Copy number variation in Han Chinese individuals with autism spectrum disorder
- Matthew J Gazzellone†1, 2,
- Xue Zhou†1, 3, 4,
- Anath C Lionel1, 2,
- Mohammed Uddin1,
- Bhooma Thiruvahindrapuram1,
- Shuang Liang3,
- Caihong Sun3,
- Jia Wang3,
- Mingyang Zou3,
- Kristiina Tammimies1, 5,
- Susan Walker1,
- Thanuja Selvanayagam1,
- John Wei1,
- Zhuozhi Wang1,
- Lijie Wu3 and
- Stephen W Scherer1, 2Email author
© Gazzellone et al.; licensee BioMed Central Ltd. 2014
Received: 20 June 2014
Accepted: 13 August 2014
Published: 23 August 2014
Autism spectrum disorders (ASDs) are a group of neurodevelopmental conditions with a demonstrated genetic etiology. Rare (<1% frequency) copy number variations (CNVs) account for a proportion of the genetic events involved, but the contribution of these events in non-European ASD populations has not been well studied. Here, we report on rare CNVs detected in a cohort of individuals with ASD of Han Chinese background.
DNA samples were obtained from 104 ASD probands and their parents who were recruited from Harbin, China. Samples were genotyped on the Affymetrix CytoScan HD platform.

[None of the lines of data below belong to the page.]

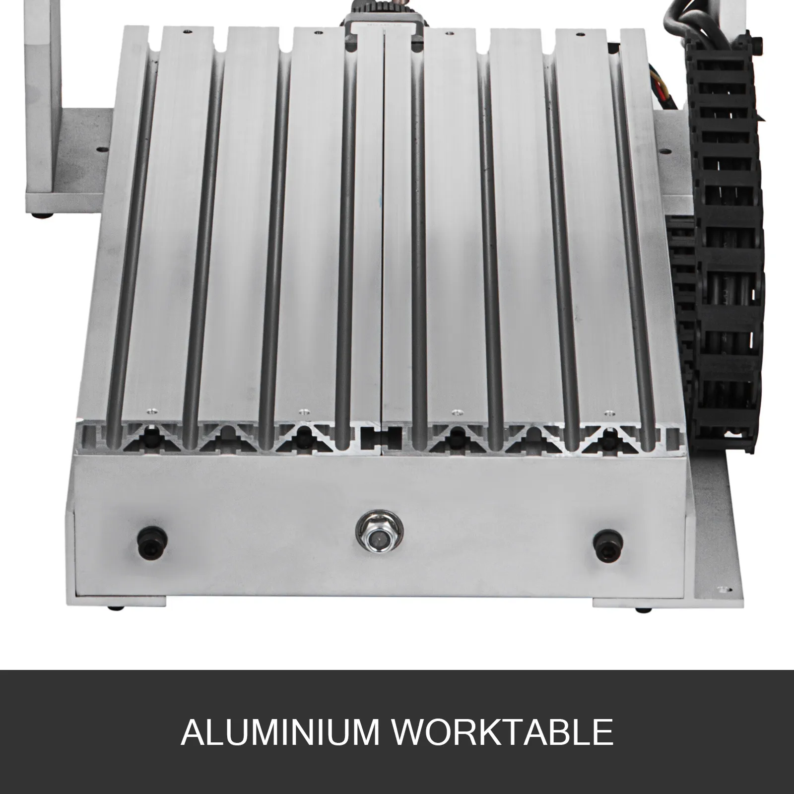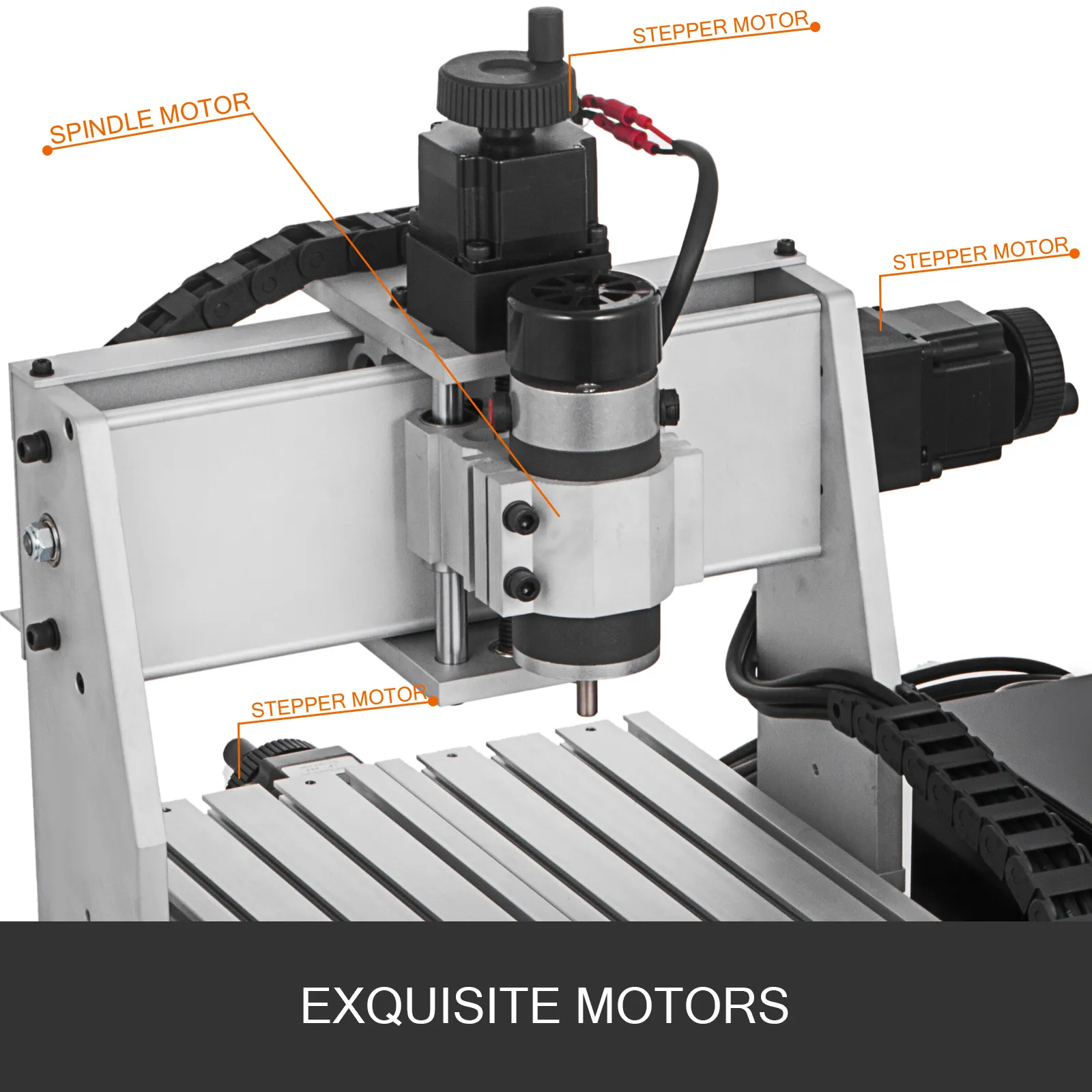 Auf drei Achsen gibt es jeweils ein zweiphasige 57-Schrittmotor(2A) für einfache Bewegung, die durch externe Kupplungen verbunden sind und eine hohe Drehmomentübertragung ermöglicht. Knöpfe mit kleinen Griffen an Schrittmotoren können die Positionierung anpassen. 300W-Spindelmotor auf Z-Achse kann Drehzahl von 8000 U/min (stufenlose Drehzahlregelung) erreichen.
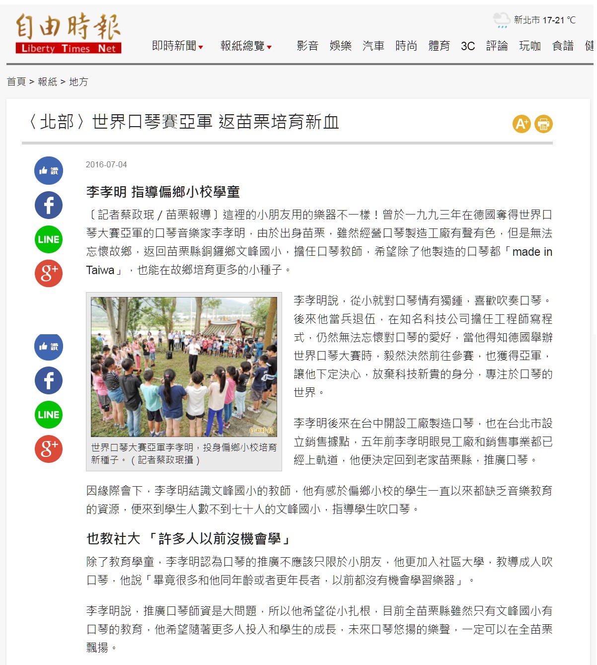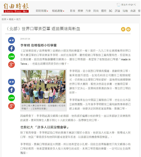 [媒體報導] 世界口琴賽亞軍 返苗栗培育新血
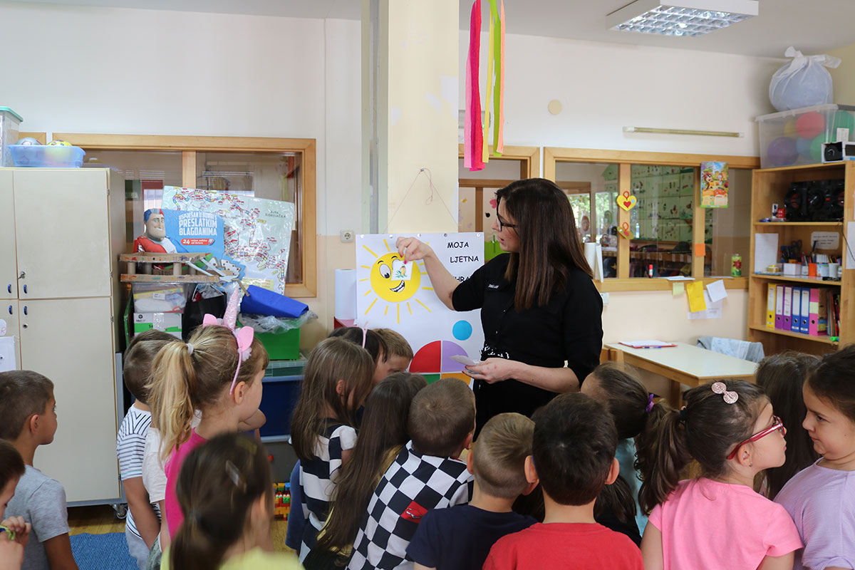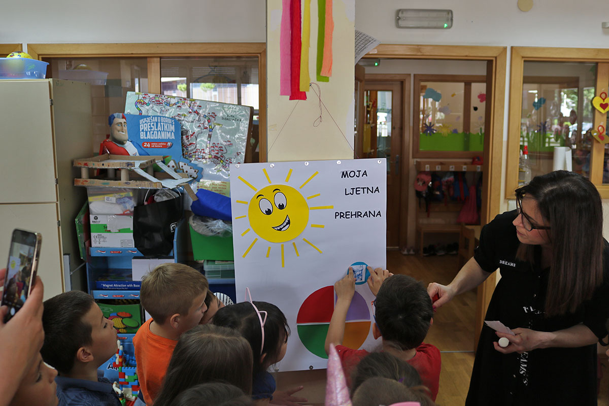 Kako se približavaju ljetni mjeseci, djeca predškolskih skupina su imala priliku naučiti na koji način se štiti od sunca. Predstavljena im je važnost prikladne odjeće, kreme za zaštitu od UV zračenja, kao i važnost pravilne prehrane. Sve predškolske skupine su za poklon dobile kreme za zaštitu od UV zračenja te plakate i letke o zaštiti od sunca.
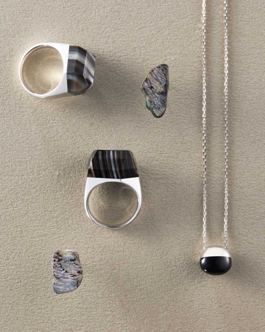 CULET伊勢丹新宿店で今回初めてのお披露目となるのは、ブラックバンデッドアゲートをあしらった新作ロックリング6点。厳選された原石のみで制作しているため、次回の入荷は未定と言われる希少なピースです。
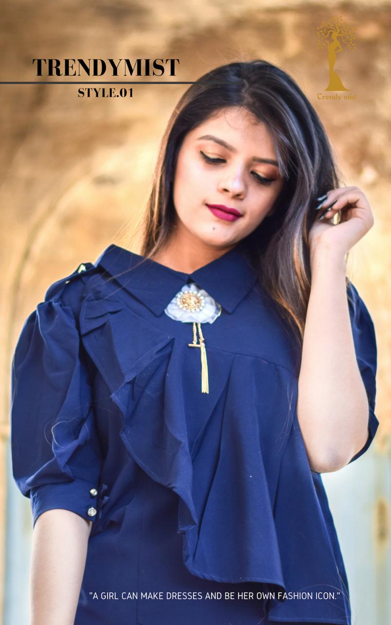 Buy Online Trendymist Style 01 By Trendy Mist Fancy Top With Broach Pin Wholesale Dealer Surat 6 Pcs of Full Catalogue at Wholesale Price. Looking for Trendymist Style 01 By Trendy Mist Fancy Top With Broach Pin Wholesale Dealer Surat Full Catalouge at Best Price? Buy Now Trendymist Style 01 By Trendy Mist Fancy Top With Broach Pin Wholesale Dealer Surat at Wholesale Rate of Rs 2850 with Total 6 Pcs from authroized dealer and supplier of Brand. Cost of Each piece is just only Rs 475 which is very low and affordable price to resale the product in your retail store ,This is Surat based Wholesale Supplier & Dealer of Brand. Click on Brand name to Know more about Brand's products.Call or Whatsapp on 9898838984 for booking or enquiry

Rare CNVs were identified by comparing data with 873 technology-matched controls from Ontario and 1,235 additional population controls of Han Chinese ethnicity.
Of the probands, 8.6% had at least 1 de novo CNV (overlapping the GIGYF2, SPRY1, 16p13.3, 16p11.2, 17p13.3-17p13.2, DMD, and NAP1L6 genes/loci). Rare inherited CNVs affected other plausible neurodevelopmental candidate genes including GRID2, LINGO2, and SLC39A12. A 24-kb duplication was also identified at YWHAE, a gene previously implicated in ASD and other developmental disorders. This duplication is observed at a similar frequency in cases and in population controls and is likely a benign Asian-specific copy number polymorphism.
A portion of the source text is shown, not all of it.